Fictional character biography
Esteban Corazón de Ablo was a powerful alchemist in 9th century Saragossa, who sold his soul to the demon Mephisto to lengthen his life far beyond a human span.

Years later, Diablo set up a base in Transylvania where he made a pact with the Vampires.

The villagers had enough of him where they formed an angry mob and buried him within a stone crypt under his castle. Another century later, the Fantastic Four appeared in Transylvania on a vacation, when a local named Baron Hugo told them the legend of Diablo. That night, Diablo whispered to The Thing to awake and free him from his prison by pulling out the stone plug on his crypt and smashing the stone slab that covered him. Freed, Diablo offered a potion to the Thing that would turn him halfway into a human. In exchange for Ben's services for a year, he would give him the other potion that would finalize the change. When the rest of the Fantastic Four arrived, they found Ben working for Diablo. They fought with him and tried to convince him to leave his service, but Ben refused, and the three were forced to leave him behind. Diablo soon made his appearance known to the world, and sold his alchemic chemicals internationally, making him the richest man on the planet. Shortly before the rest of the world, Mister Fantastic discovered that Diablo's chemicals worked, but only for a short while, before failing. The world turned on Diablo, but he had already built up an army of loyal followers and was prepared to use his alchemic powers to conquer the planet. But once Diablo had revealed his true intentions, the Fantastic Four were free to attack him. At the same time, the Thing had also discovered that the potion he was given wore off, and he turned on Diablo, but Diablo used one of his chemical pellets to knock him out and seal him in an unbreakable, glass capsule. The remaining three members of the Fantastic Four soon attacked Diablo's fortress, but after a struggle, Diablo managed to capture them with his chemical pellets. Diablo sealed up the last of the Fantastic Four in the same capsules, but Ben quickly escaped when his broke down. Angered, he chased Diablo through his own castle, until he crushed a suit of armor into a giant ball, and threw it after him. Diablo ran from it, hiding within the crypt that the villagers had sealed him in. The Thing followed behind him and reinserted the giant, stone plug, and then smashed it with both fists, causing the entire castle to come crumbling down upon the crypt. The Fantastic Four were later freed, and the Human Torch melted the stone into slag to harden Diablo's prison.

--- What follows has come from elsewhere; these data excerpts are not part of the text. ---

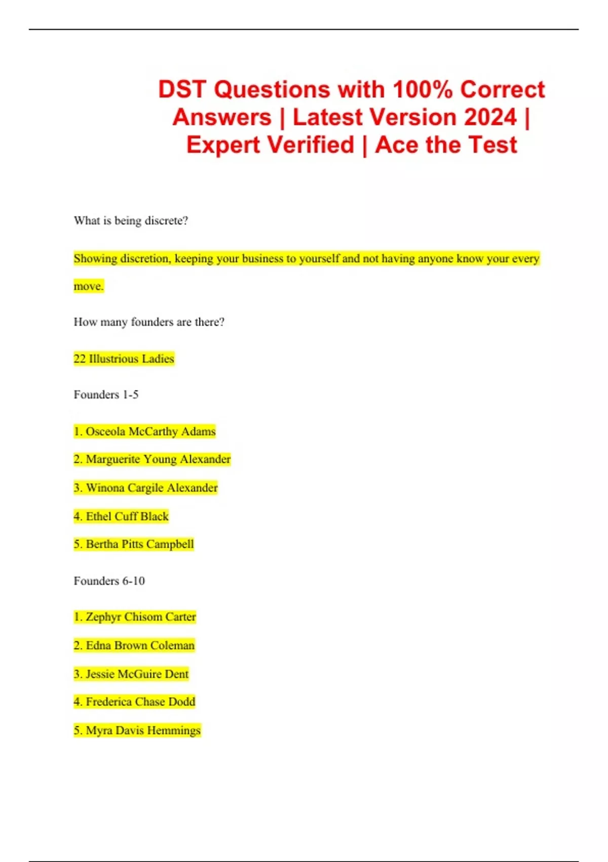 DST Questions with 100% Correct Answers | Latest Version 2024 | Expert Verified | Ace the Test
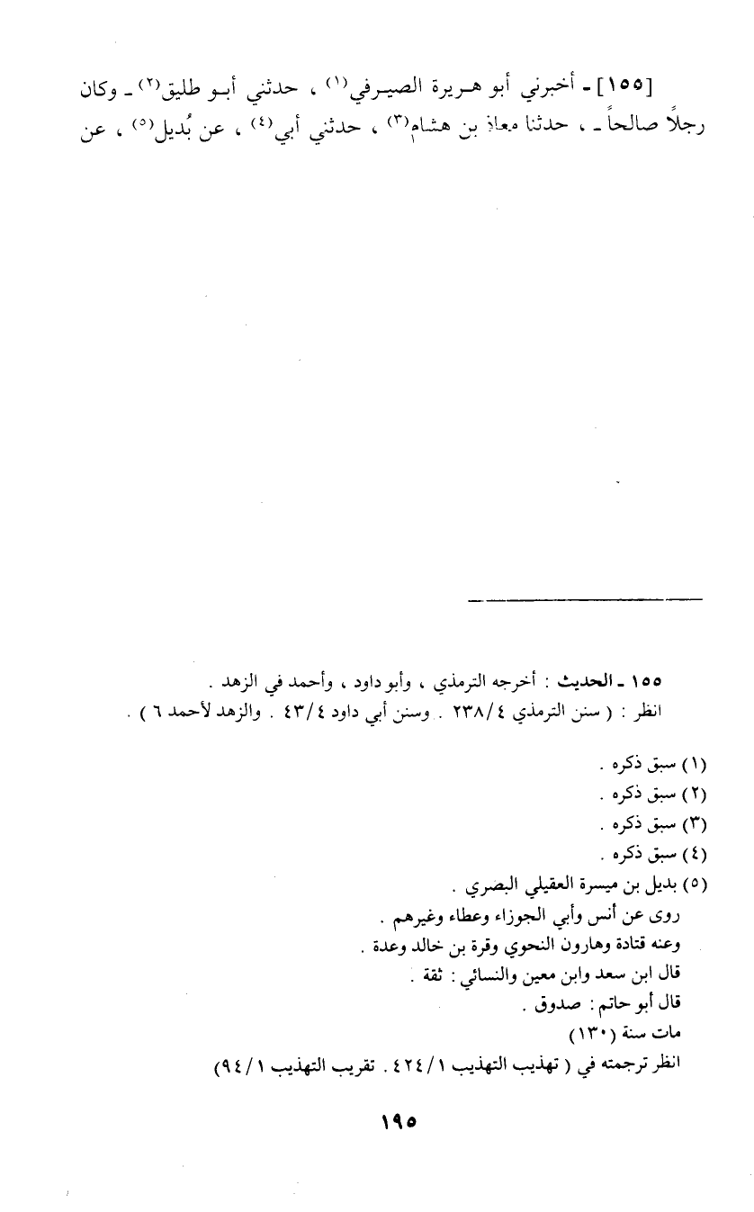 155 - أَخْبَرَنِي أَبُو هُرَيْرَةَ الصَّيْرَفِيُّ، حَدَّثَنِي أَبُو طَلِيقٍ، وَكَانَ رَجُلًا صَالِحًا: حَدَّثَنَا مُعَاذُ بْنُ هِشَامٍ، حَدَّثَنِي أَبِي، عَنْ بُدَيْلٍ، عَنْ -[196]- شَهْرِ بْنِ حَوْشَبٍ، عَنْ أَسْمَاءَ، قَالَتْ: «كَانَ §يَدُ قَمِيصِ النَّبِيِّ صَلَّى اللهُ عَلَيْهِ وَسَلَّمَ إِلَى أَسْفَلَ مِنَ الرُّسْغِ»
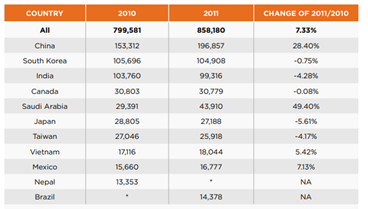 Figure 2. Change in Total Active Students by Country of Origin, 2010 and 2011 de Choudaha & Chang (2012).
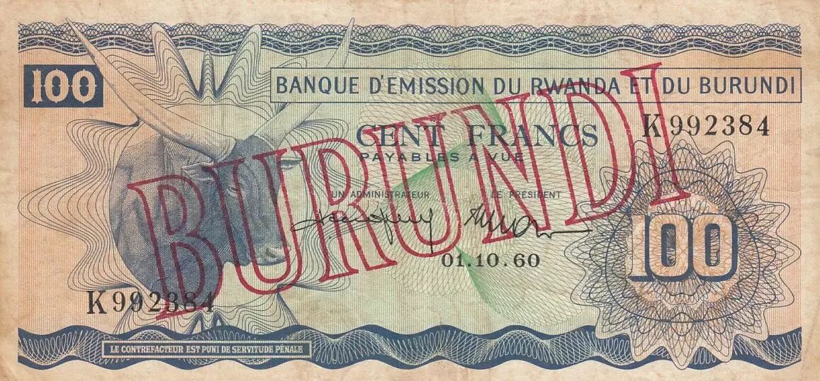 Home > > Burundi 100 Francs - Overprint Burundi - 1960 (1964)

But Diablo eventually used his potions to destroy his melted stone prison, and escape to get revenge on the Fantastic Four. His next move was to travel to North America and New York's State University, where he helped Professor Gilbert to animate his android creation, Dragon Man. He turned the Dragon Man against the Fantastic Four, but it eventually turned on him and drove both of them underneath a frozen lake, where he was lost for a time. Diablo later reactivated the Dragon Man, creating a whole army of Dragon Men. He was defeated by the Avengers, however.

Diablo later clashed with Doctor Doom. He next took the Inhuman, Crystal, captive. He took control of Terra Verde, but was ultimately defeated by the Human Torch. Diablo later recruited Darkoth as a pawn to battle Doctor Doom, but was betrayed by Darkoth. Diablo later sent elementals to battle the Fantastic Four, and battled Iron Man after that.

It was later revealed that Diablo had a romantic relationship with the woman who became the criminal Gilded Lily. Diablo was freed from prison by Gilded Lily, though he turned against her and was defeated by Alpha Flight. Diablo later attacked the Fantastic Four, again using elementals against them. Diablo conquered the country of Tierra del Maiz, and in another clash with Alpha Flight, he was apparently killed.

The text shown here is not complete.